Sunday 6 April 2014

A Blowy Blakey Project Sesh

It was a windy Saturday. The weather has been pretty iffy recently, with low cloud clag and occasional drizzle. Either way, we knew if the wind picked up then Hillhouse Nab would clear up straight away and to there we ventured with a couple of mats each.

I 'found' Hillhouse Nab last year while oft wandering around Blakey after driving home from work in Scarborough. I soloed the exquisite (if i do say so myself) arete which went at about E4 5c ***. Pretty bold but not very long and after the start all on fairly decent holds. It's a strange buttress. Perfect moorland sandstone, awesome holds and moves and it would certainly 'just' be a bouldering venue above flat pasture - but alas, it's perched above steep ground.

The concentrated gem that is Hillhouse Nab

On my first visit I also shunted the arete into the hanging scoop - I wanted this line and also was aware of a direct which I made a mental note of thinking would be right up Franco's street. Last month, it was apparent it was right up Cookson's street, when he soloed the main wall starting just left of centre and attacking it with lank and guile. Present Perfect E7 7a *** was born and he noted that a super direct was also available.

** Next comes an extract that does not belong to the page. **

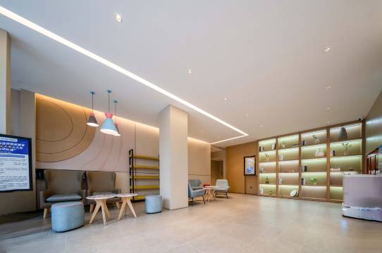 晚上到的,前台小哥哥一个人值班,很多人要办理入住,还是很耐心,还有机器人送餐
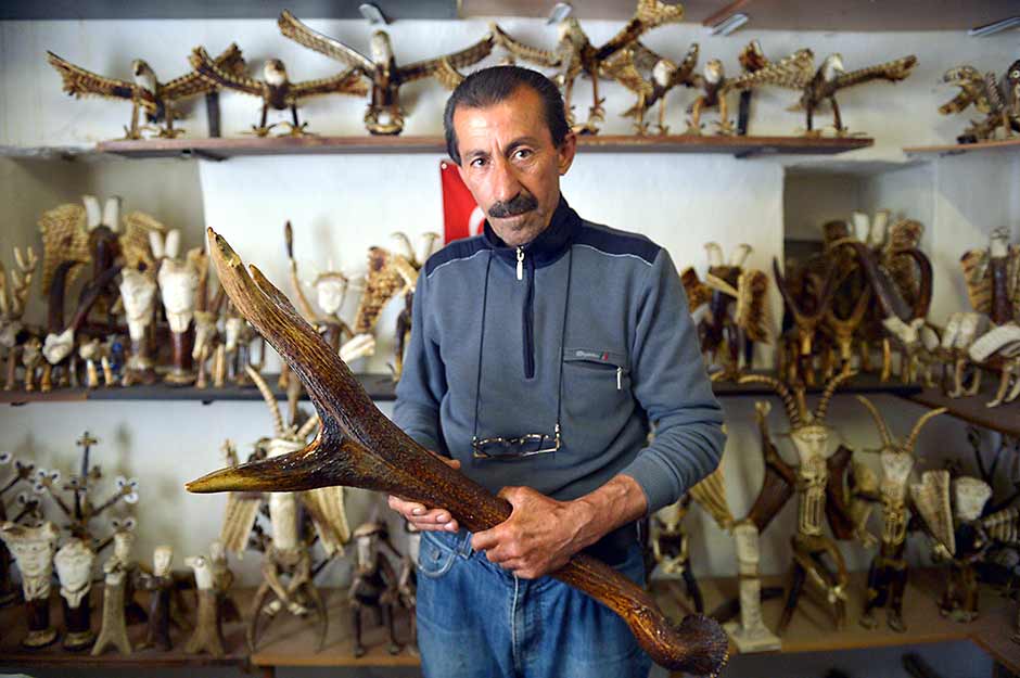Eskişehir'in Mihalıççık ilçesi Ilıcalar Mahallesi Muhtarı Yurttaş Ayaş, 1999 yılından beri geyik boynuzundan kartal, yılan, ejderha gibi birçok figürün heykelini yapıyor.

So we both had projects in mind as we approached. I was more interested in Present Perfect than my arete to groove climb, but I quickly found it super reachy and crimpy powerfulness... I couldn't do it. So while Franco slid off down the hillside a couple of times from the nails start of the super direct I shunted the top section of the groove. A strange transitions between overhanging and slabby, on smears for feet and crimps for fingers. Enjoyable climbing to say the least.

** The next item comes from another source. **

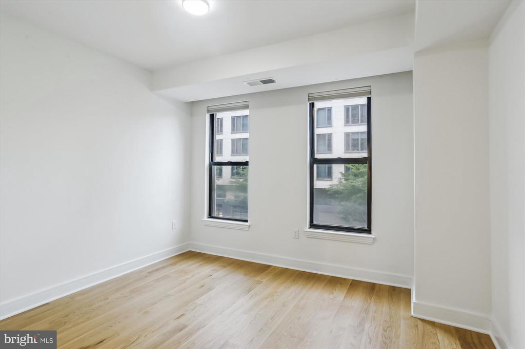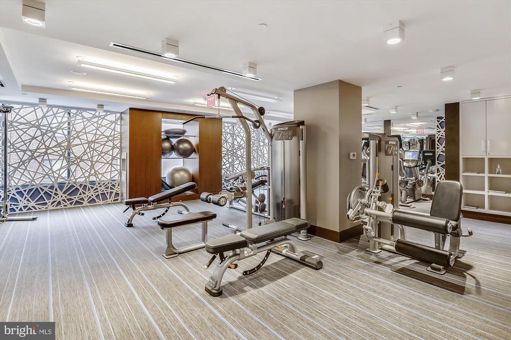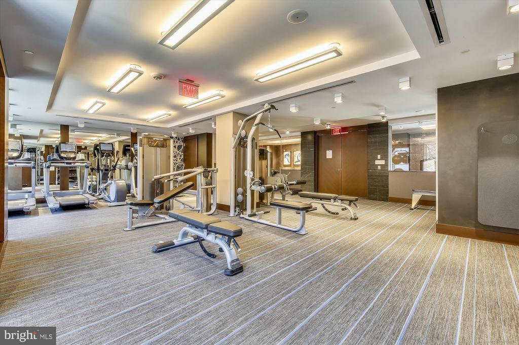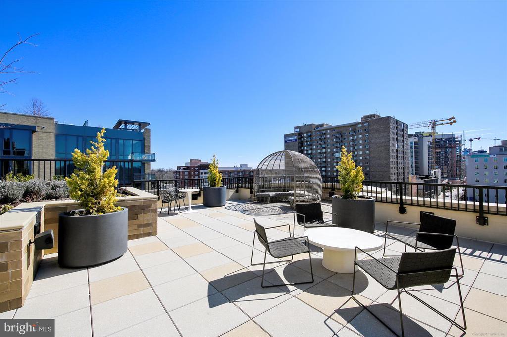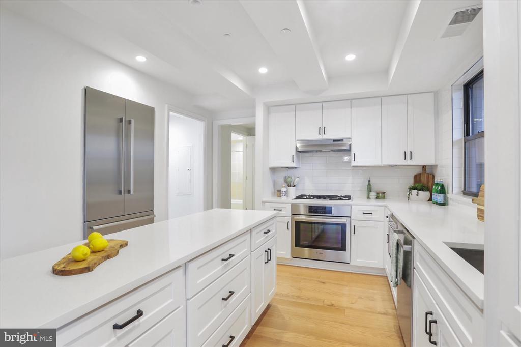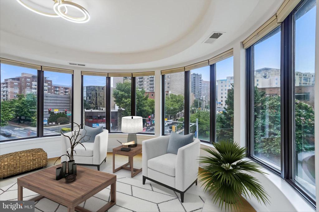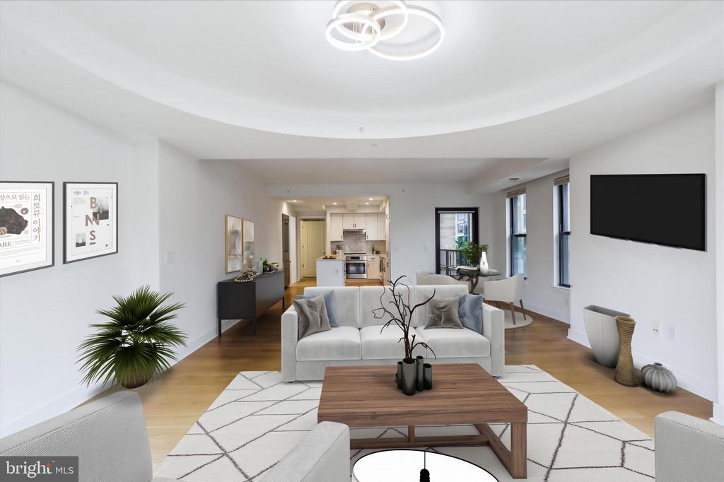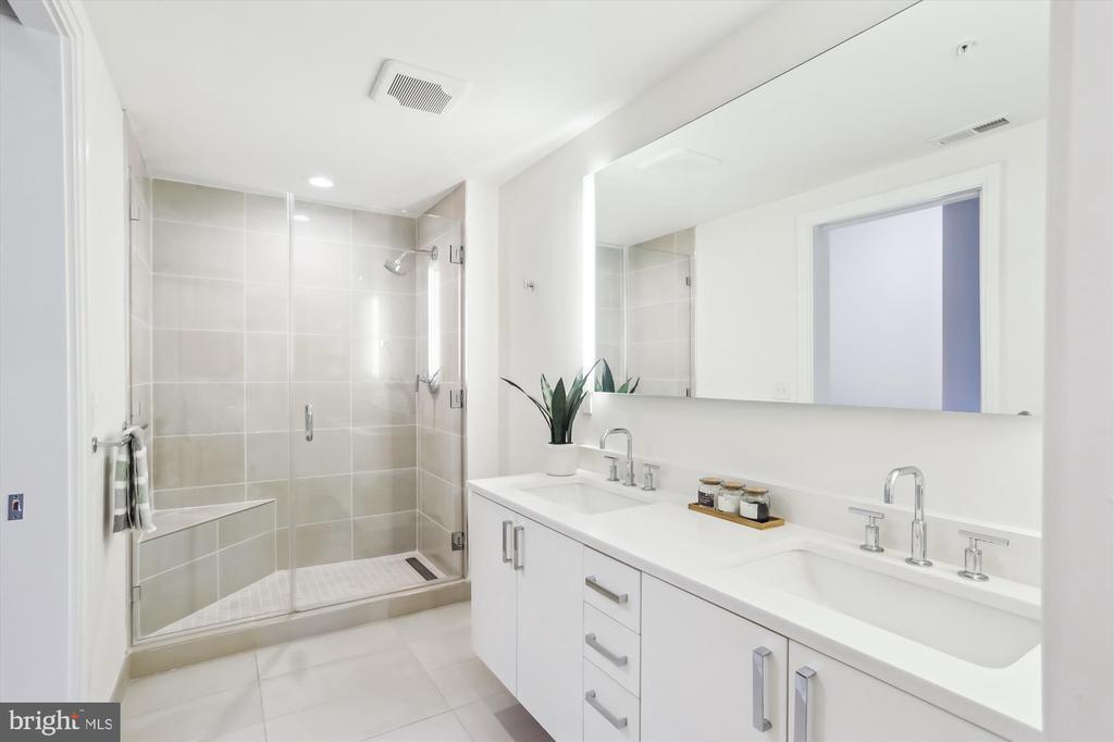 This stunning corner unit in the highly sought-after Stonehall features a dramatic curved window wall that is flooded with sunlight. The home is turnkey, showcasing freshly painted walls, new recessed lighting and fixtures, and brand-new kitchen cabinets. The beautiful floors complement the space perfectly. Enjoy top-of-the-line Bosch stainless steel appliances, gas cooking, quartz countertops, and brand new cabinets in the kitchen. The spacious owner's suite includes a cozy sitting area that can also serve as an office space, an oversized walk-in closet, and a luxurious spa bath. This unit also has a washer and dryer, and a lovely balcony. Pets are welcome! The amenity-rich building offers a front desk/concierge service, a state-of-the-art fitness center on the 2nd floor, and a party/meeting room with a terrace on the 9th floor. The expansive rooftop space, perfect for entertaining, features beautiful sunset views from the 10th floor. The luxurious lobby adds to the elegant atmosphere. EV chargers are possible to be installed, at building approval and owners expense. There is a community herb/vegetable/flower garden on the roof terrace- need basil for your sauce- snip a little from upstairs! Located in the heart of Bethesda, the building is conveniently close to the Metro and NIH. Harris Teeter is just across the street, and the Bethesda Trolley Trail for walking and biking is only a block away. The property is also on the Bethesda Circulator route, providing free hop-on, hop-off access to all of downtown Bethesda's best spots!

I managed to do lots of moves and but felt far from wired. However, it's a strange line to shunt and Franco was asleep after completing his super direct; which adds a 7a/7b move to the start! Fucking nails! I couldn't top rope it either as a result, so I decided i'd just go for it and hope for the best. I new I could do the crux so provided the starting moves didn't impact on my strength or unchalk my tips then i'd be OK...

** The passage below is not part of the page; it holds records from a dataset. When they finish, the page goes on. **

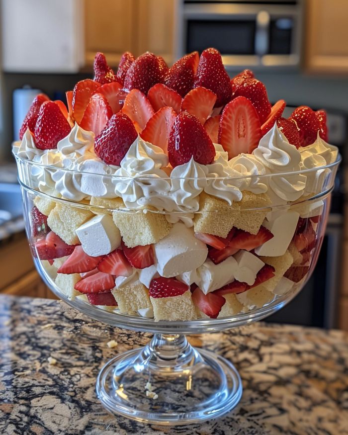 Imagine diving into a dessert that’s as delightful to look at as it is to taste. That’s what you get with the Strawberry Punch Bowl Cake, a luscious layering of moist white cake, juicy fresh strawberries, creamy pudding, and a whisper of crunchy pecans to top it off. This dessert is not just a treat for the palate but also a feast for the eyes, making it a perfect centerpiece for any gathering, from casual get-togethers to festive celebrations.
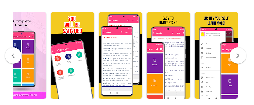 ومن بين هذه التطبيقات، يبرز تطبيق English Grammar Full كخيار مميز، لما يقدّمه من محتوى شامل ومبسط يساعد المستخدمين على فهم القواعد بسهولة وبناء أساس لغوي متين.
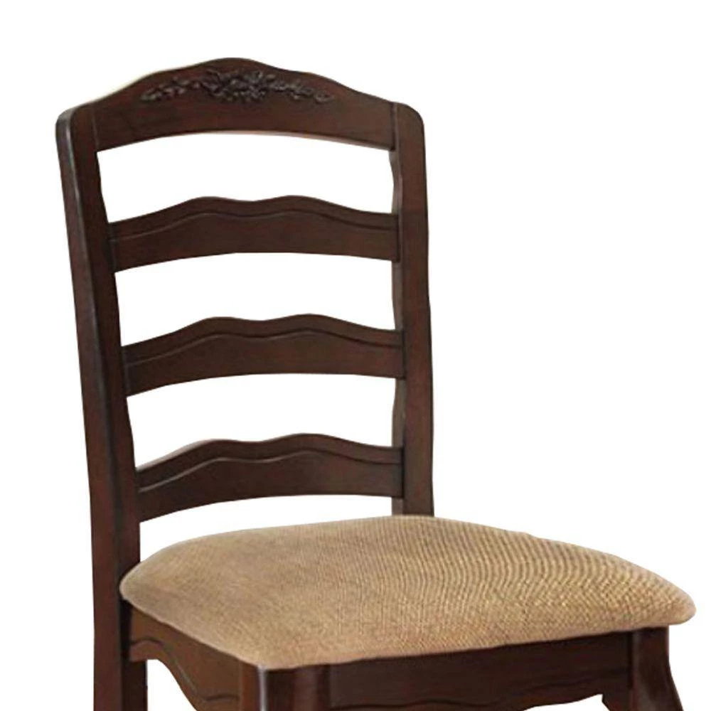 The side chair features padded seats with a delicate floral motif. The matching side chairs feature padded seats with a delicate floral motif. The ladder design back has soft, curvy lines instead of straight ones, while the front legs use of queen anne style enforces this theme of delicateness.
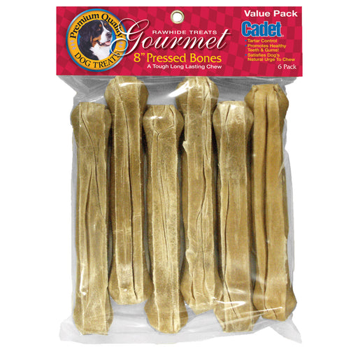 Pressed Rawhide Bones 8 inches 6 pack
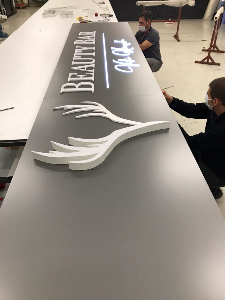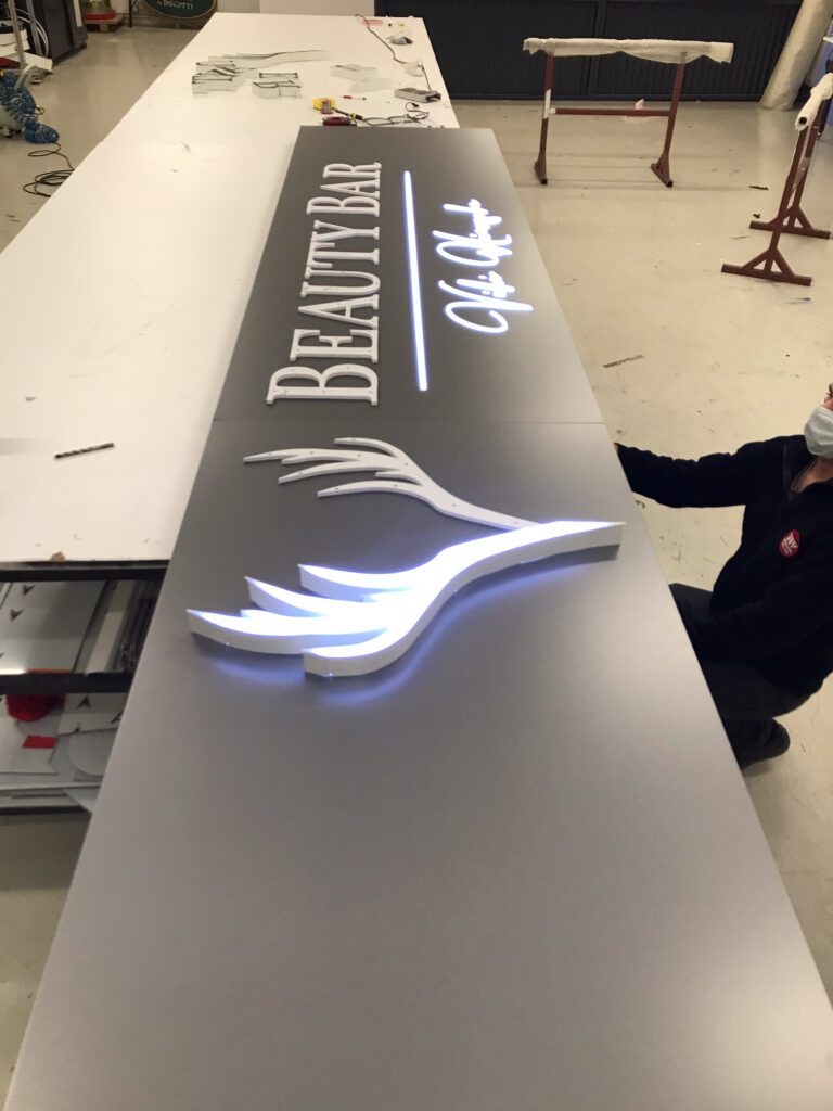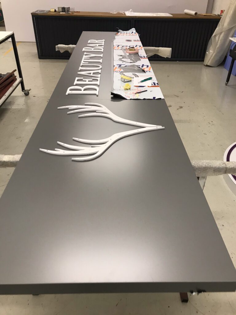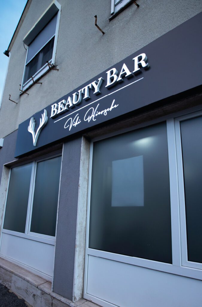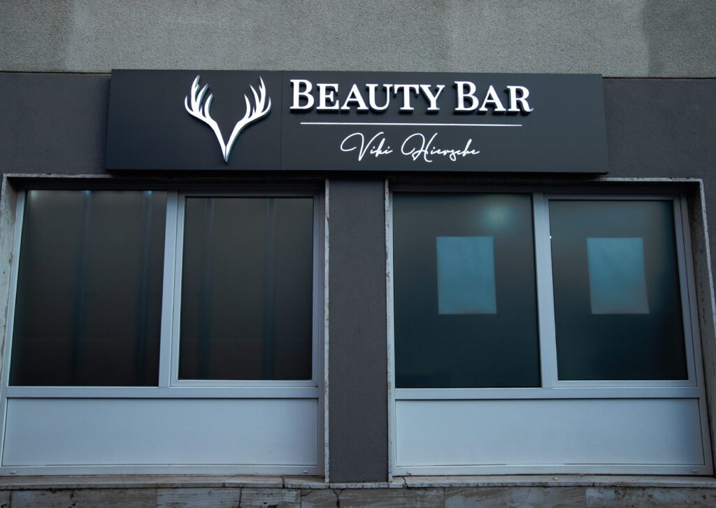 Modernes und elegantes schwarzes Schild mit weißen Acrylbuchstaben für Beauty Bar by Viki Hiersche.

Up the arete for a couple of metres before stretching left to juggy crimps. The feet are fairly abysmal, so toe hooking around the arete bounce out to another flat crimp... I near fell off this move but it wouldn't have been too serious. From here you replace your toe higher up the arete feeling quite horizontal and go for a sloper with left...'Fall through' to get your foot on a smear, deadpoint a sidepull crimp and then stand up from over hang to slab to reach the top off a very insecure smear. Woops abound.

Hillhouse Nabbb from Dave Warburton on Vimeo.


Committed through the roof heel-hooking a smear

We left and bumped into Sam Marks and chums on the walk back to the car. We decided to go and take a look at the Duck Roof. A project of Sams, which we'd visited a couple of times but i'd yet to pull on at all. Franco had always been fairly close and it was a bit of an annoying route which we wanted to tick off the list of Moors FA's still to do! With our four pads plus one additional small pad, Franco carefully climbed the slightly damp roof taking a few jump offs. I also got involved for the first time and surprised myself with the reach through the roof. Unfortunately though, i was beyond total stretch and so was completely immobile when trying to reach through to the higher crimps... Too hard basically! Franco nailed it on his 3rd go a solid ground up effort with no cleaning, at a grade of E6 6c **... Safe to jump off, but don't fall!